[Stored items]

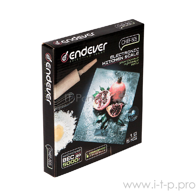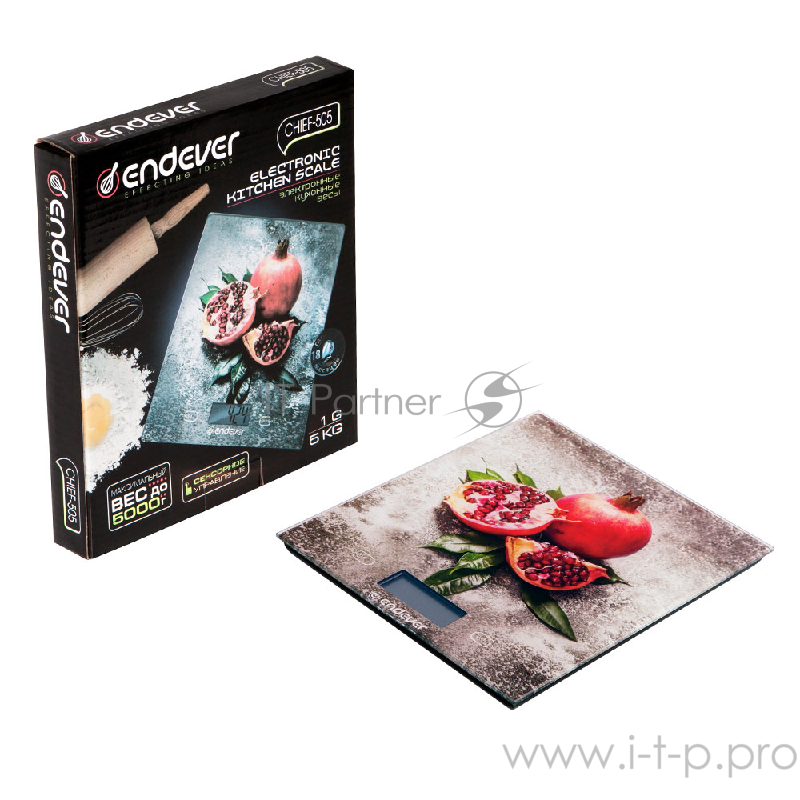 Весы кухонные электронные Endever Chief-505, рисунок Гранат, вес от 2 г до 5 кг, закаленное стекло, автовыключение
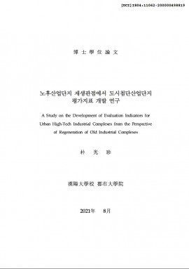 • 노후산업단지 재생관점에서 도시첨단산업단지 평가지표 개발 연구 박광진(2021) 박사학위논문
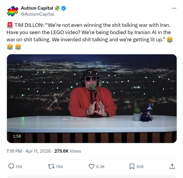 Tim Dillon: “We’re Not Even Winning The Shit Talking War With Iran. Have You Seen The Lego Video? We’re Being Bodied By Iranian Ai In The War On Shit Talking. We Invented Shit Talking And We’re Getting Lit Up.” – Autism Capital
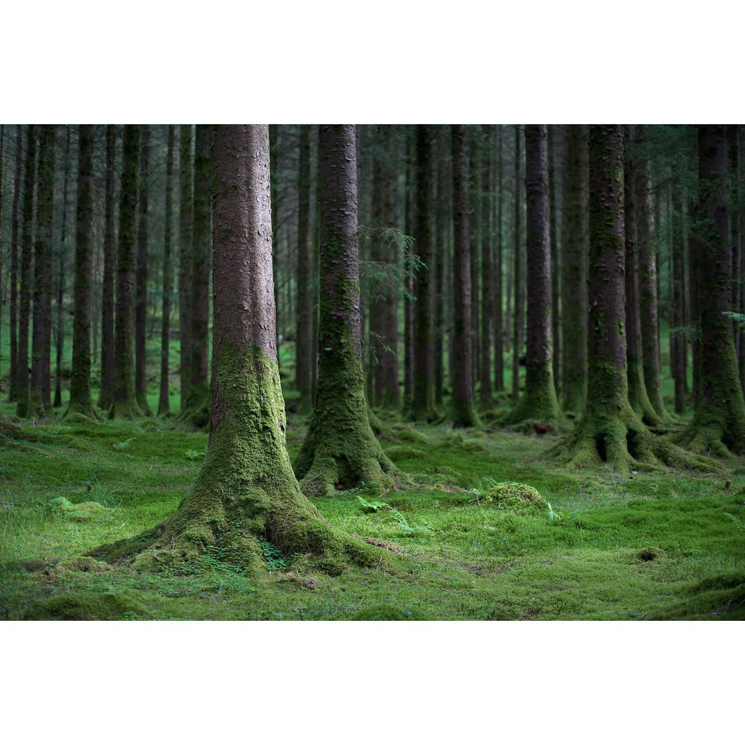 Rich light suffuses the deep woods of Gougane Barra, glancing over the moss-covered tree trunks.
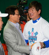 2013.10.02 22: 32김인 사장-류중일 감독,'3년 연속 우승에 함박 웃음'
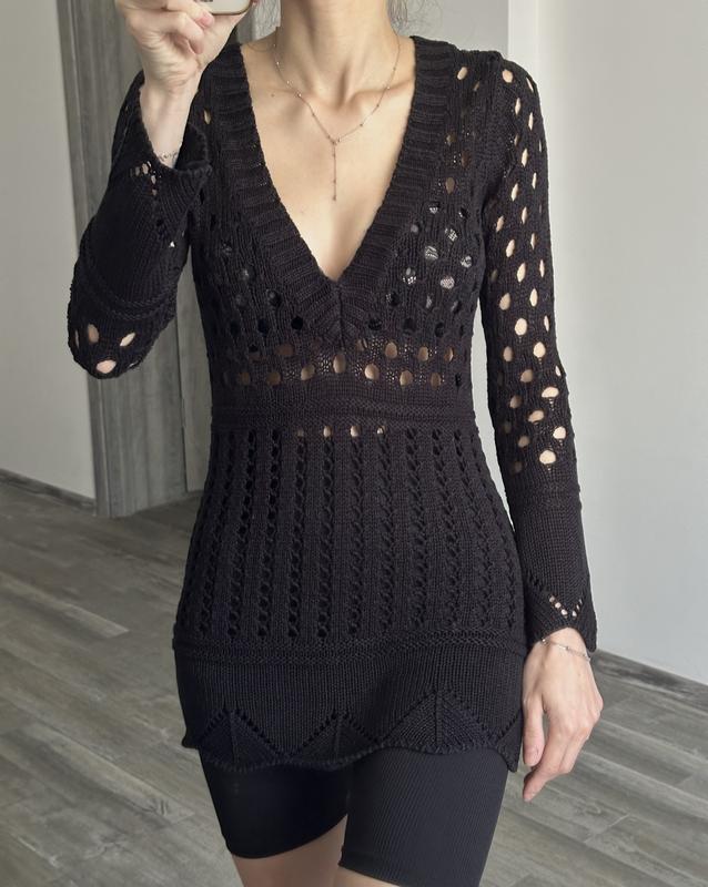 Розмір S-M Чорна вʼязана кофта в дірочку
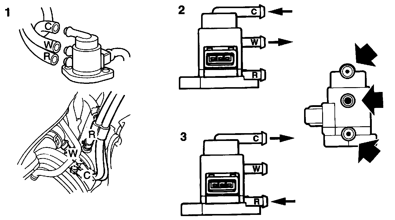 3 Blow through the return hose from the intake manifold (R) and check that air comes out of the hose for the turbocharger (C).
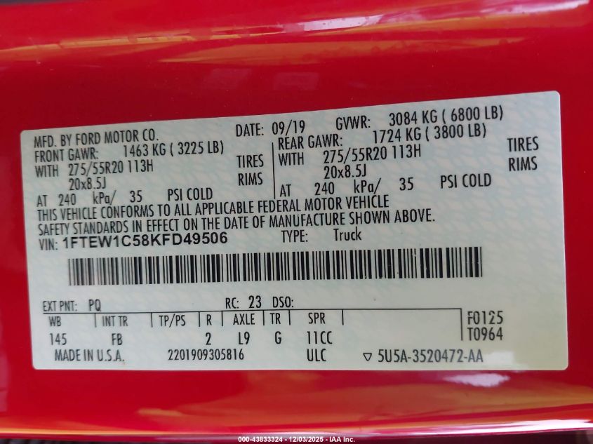 Цвет КрасныйЦилиндры 8VIN 1FTEW1C58KFD49506Состояние Заводится и едет (проверено)Повреждения Передняя или задняя AutoRIA

*Your task*
Print all the entries again exactly as written, but without the pictures.

*Response to the exercise*
 Весы кухонные электронные Endever Chief-505, рисунок Гранат, вес от 2 г до 5 кг, закаленное стекло, автовыключение
 • 노후산업단지 재생관점에서 도시첨단산업단지 평가지표 개발 연구 박광진(2021) 박사학위논문
 Tim Dillon: “We’re Not Even Winning The Shit Talking War With Iran. Have You Seen The Lego Video? We’re Being Bodied By Iranian Ai In The War On Shit Talking. We Invented Shit Talking And We’re Getting Lit Up.” – Autism Capital
 Rich light suffuses the deep woods of Gougane Barra, glancing over the moss-covered tree trunks.
 2013.10.02 22: 32김인 사장-류중일 감독,'3년 연속 우승에 함박 웃음'
 Розмір S-M Чорна вʼязана кофта в дірочку
 3 Blow through the return hose from the intake manifold (R) and check that air comes out of the hose for the turbocharger (C).
 Цвет КрасныйЦилиндры 8VIN 1FTEW1C58KFD49506Состояние Заводится и едет (проверено)Повреждения Передняя или задняя AutoRIA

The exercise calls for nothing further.